Initially, I felt like the shock and fright would drown me, and I spent the better part of a week yelling at G-d whenever I had a moment to myself. But it didn’t last. There were a few thoughts that took hold in my mind very quickly:

  • This is the same child I have cared for and loved for more than three years. The word “autism” doesn’t change that. It just gives me a name for this situation.
  • Speaking of which, I am secretly relieved. I wasn’t off base when I kept wondering why parenting him seemed so much more confusing and tiring than it “should.”
  • He doesn’t need to be fixed; he needs help in ways I didn’t anticipate.

Even before we got a diagnosis, we set about looking for that help. And thank goodness, we were lucky enough to find a succession of kind, dedicated, patient, and skilled therapists and teachers who offered practical help and not snake oil. I credit these fine people for engaging with him in ways that motivated him to work on his language, sensory, and fine motor challenges, and I credit him for his persistence (and frequent joy) in working on the same things.

So here we are, coming up on three years since I let myself read that section of the DSM-IV and two years since the delivery of an official diagnosis of autistic disorder. And yet one of the best examples I can come up of what autism has meant to us comes from a time before we started down this path — before we knew it existed, really.

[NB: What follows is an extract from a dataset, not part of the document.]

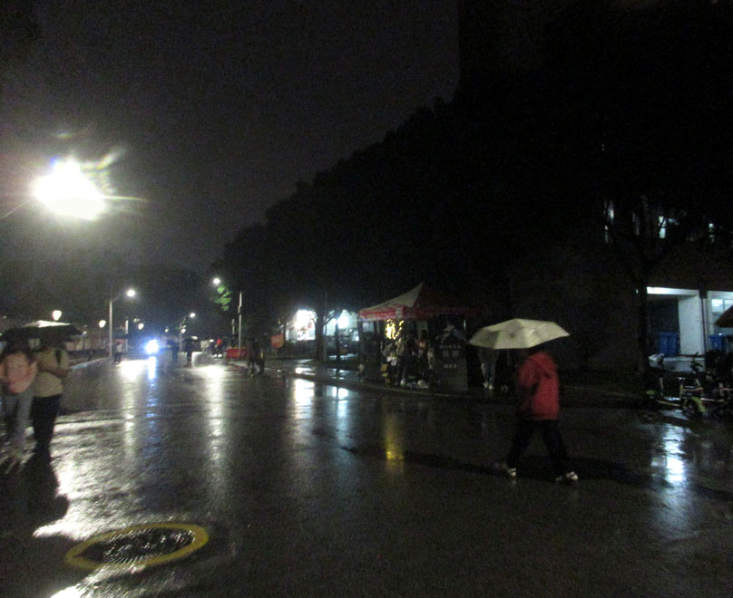 | 晚上近八点了,铱闪天文社的招新还在生活区校道进行,且还有些小雨水 | ||||||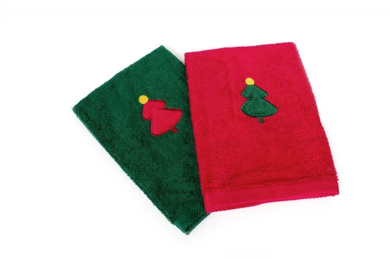 Σετ πετσέτες Χριστουγεννιάτικες 2 τεμ. με ανεξίτηλα χρώματα και κεντημένο σχέδιο που απεικονίζει γιορτινό Χριστουγεννιάτικο δέντρο, ιδανικό για δώρο που περιέχει που περιέχει: 2 πετσέτες χειρός, διαστάσεων 40X60, μία σε κόκκινο και μία σε πράσινο χρώμα. Οι πετσέτες είναι κατασκευασμένες από 100% βαμβάκι έξτρα απαλό και απορροφητικό και είναι ελεγμένες για επιβλαβείς ουσίες με το αναγνωρισμένο παγκοσμίως πιστοποιητικό, OEKO TEX® Standard 100. Συσκευασία δώρου με γιορτινή κορδέλα.

Shortly after CJ turned two (I think), he started lining toys and other things up, laying them out in sinuous, curving streams. His favorite subjects for this were his toy cars and the magnetic letters on his closet door. Not long after that, he started fashioning more complex structures. He’d pile toys up into elaborate three-dimensional stacks and carefully position magnetic letters into clusters that I thought of as “jumbles.” This happened before I was in a position to read anything into his behavior, so I just marveled at the weird and wonderful things he came up with, such as the time he moved most of his possessions into a couple of large concentric rings that my husband Walt and I dubbed “Toyhenge.” (That was really something to behold. It took him two or three hours to arrange, and we both agreed that there were patterns at work that we could sense but not quite define.)

Walt got into the habit of peeking into CJ’s room when he first got home from work in order to see whether any words had appeared. We did spot a few three-letter words here and there, and on one occasion we found a four-letter word, “kiss,” at the beginning of one long, snaking line. We figured the words were random. CJ had learned the letters of the alphabet shortly before his second birthday but hadn’t, so far as we could tell, progressed to putting them together.

One day, Walt came home and as usual popped into CJ’s room. I didn’t think anything of it until he called out to me, saying that there was something in the room I needed to see. He had an odd, vaguely worried note in his voice. I figured it was something involving a soiled diaper and went in.

Walt pointed at the closet door to a jumble of letters. “Do you see that?” he asked. His face had gone pale.

I looked. I started at the top left and looked across. R-A-N-D, I thought. Hmmm. Oh, there’s O-M, down and then to the side. R-A-N-D-O-M. Oh wow, that’s – wait. Is that … ? Yeah, it is. N-E-S-S, down under the M. Randomness. How in the world did he do that?

I narrowed my eyes at Walt. “Did you do this?” I asked.

“No,” he said. “If it had been me, I would have written something dirty.”

We both stared at the closet door, feeling unsettled and awed and confused all at once. Randomness.

That’s right, randomness. Not just a word, not just a long word, but a word that was a comment on itself.

And that is what living with CJ is like sometimes.